Is the same thing happening in education because of people like myself who celebrate the and even emphasize the role of the individual? We talk and write about student choice, voice, and agency. Does this mean that we can’t have any common body of knowledge? Is there no potential balance between the two?

Yes, there is plenty of room for a balance of the two. It is just that we are still working through an entire school system (largely international) that historically emphasized the commonalities at the expense of the individual. At the same time, some of this talk about personalized and individualized learning can actually help more students achieve higher levels of mastery of any common body of knowledge that we might determine.

I’ve visited plenty of schools that embrace self-directed learning, personalized learning, individualized learning, student-led project-based learning and all sorts of related models and practices. Plenty of them grapple with what, if anything should be part of a largely shared curriculum for the learners, and almost all of them have something. There is a core body of math skills that they aspire to guide students toward mastery. There is often of a body of knowledge and skills associated with learning how to learn. Some have foreign language requirements. Many have a core body of knowledge about traditional content areas as well.

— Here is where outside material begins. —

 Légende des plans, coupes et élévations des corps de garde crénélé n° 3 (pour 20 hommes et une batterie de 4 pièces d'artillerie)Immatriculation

The difference with some of these newer individualized models (as with the model common in the one room schoolhouse of old) is just that it is not all about how you scored on an exam or precisely how many common core standards that you mastered. Yes, progress toward mastery in recognized bodies of knowledge can and do still play a role in the overall curriculum, but this common body is not used as a club to pound outliers into submission, to create uniform students, or to minimize the role of individual strengths, goals, and abilities. School is not reduced to covering a list of standards, rating students on how well they did, and then moving on. Individualized models are, at the heart, about honoring and caring for the individual within the larger group, and seeking to help each individual truly grow in competency,confidence, character, and agency.

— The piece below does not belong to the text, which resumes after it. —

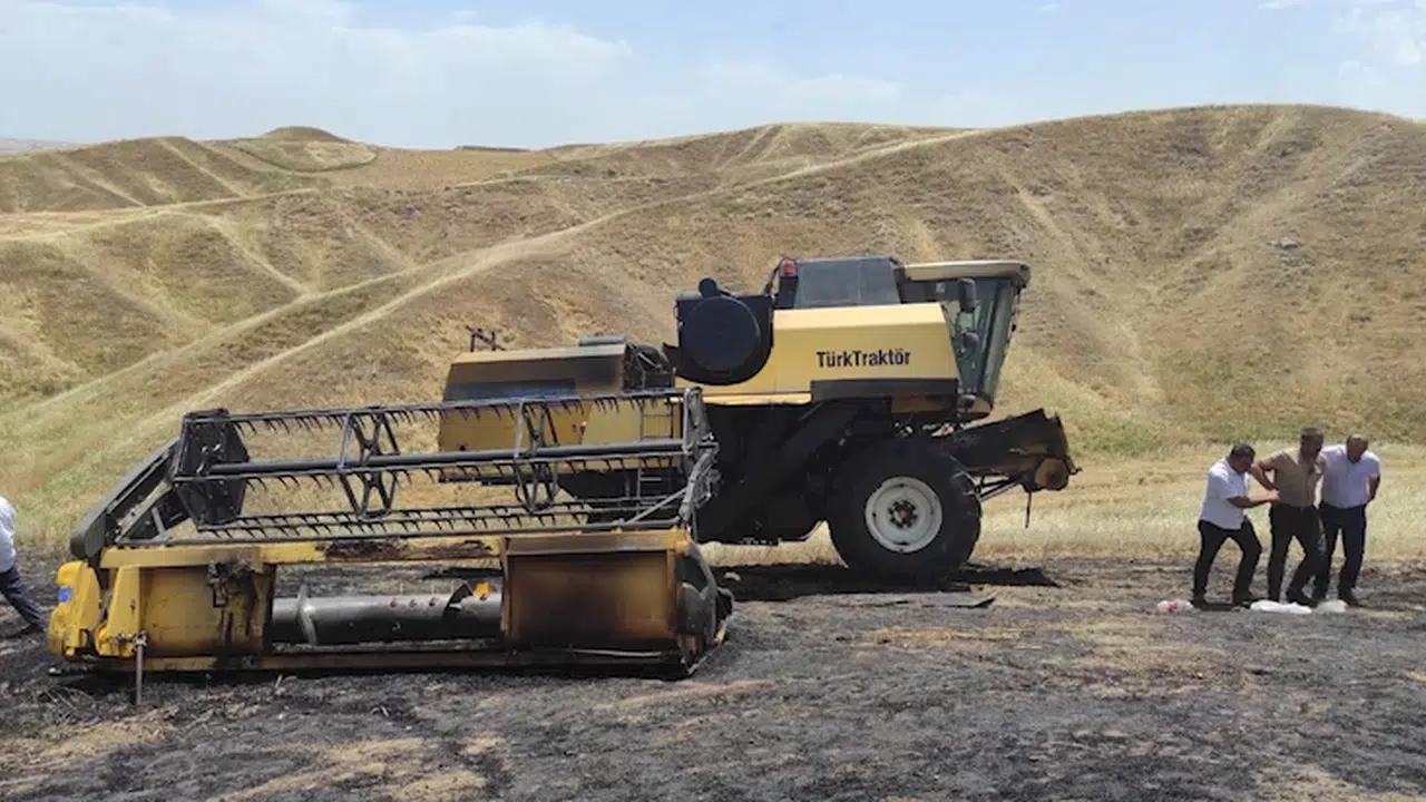 Biçerdöver alev aldı, 450 dönüm buğday ekili arazi zarar gördü

I believe that there is great value in a robust exploration and discussion about what should be common knowledge in a given learning community. I happen to think that students can be involved in that conversation so that they can better understand the value of certain common bodies of knowledge while also seeing the value of more individualized curriculum. For those who are worried about losing a common body of knowledge or under-preparing students by leaving something out, why wouldn’t we want to do more than just cover that content. Why not create a learning community that grapples with and seeks out answers to these questions together? What is important for me and us to know about the history of our country and world? What is important for me if I aspire to be an active, engaged, and contributing citizen? What role does literacy play in my life, what are its benefits, and what are its limitations? What is truth and does it matter? If so, why? What is beauty? What is goodness? What is courage? How does media of the past and present influence me, others, and the world in positive and concerning ways? How has the language of math shaped the world and my life? What are the benefits and limitations of the scientific method? Can money make you happy and what is its role in my life and the world?

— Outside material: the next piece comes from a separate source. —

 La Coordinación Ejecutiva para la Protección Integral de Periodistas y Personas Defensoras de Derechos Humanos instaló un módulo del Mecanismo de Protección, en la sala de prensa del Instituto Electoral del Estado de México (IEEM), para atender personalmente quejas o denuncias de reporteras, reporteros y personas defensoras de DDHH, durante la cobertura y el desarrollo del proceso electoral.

There are countless other questions that we can ask, that students can ask. We can seek answers to these. Along the way there is ample room for schools to have shared questions and others that are more individualized, creating opportunity for each student to explore personal interests and prepare for future or emerging callings.

The common curriculum given to all works okay for plenty of people. I went through such a system as did most of the people reading this. It plays a significant role in many good schools today as well. Yet, for me, it comes back to that word that I often mention, agency. How do we best equip each student with a growing sense of agency? Then, stemming from that, I ask this question. How can we re-imagine school so that we are less likely to waste the incredible diversity of gifts, talents, and passions that exist or can exist in different students?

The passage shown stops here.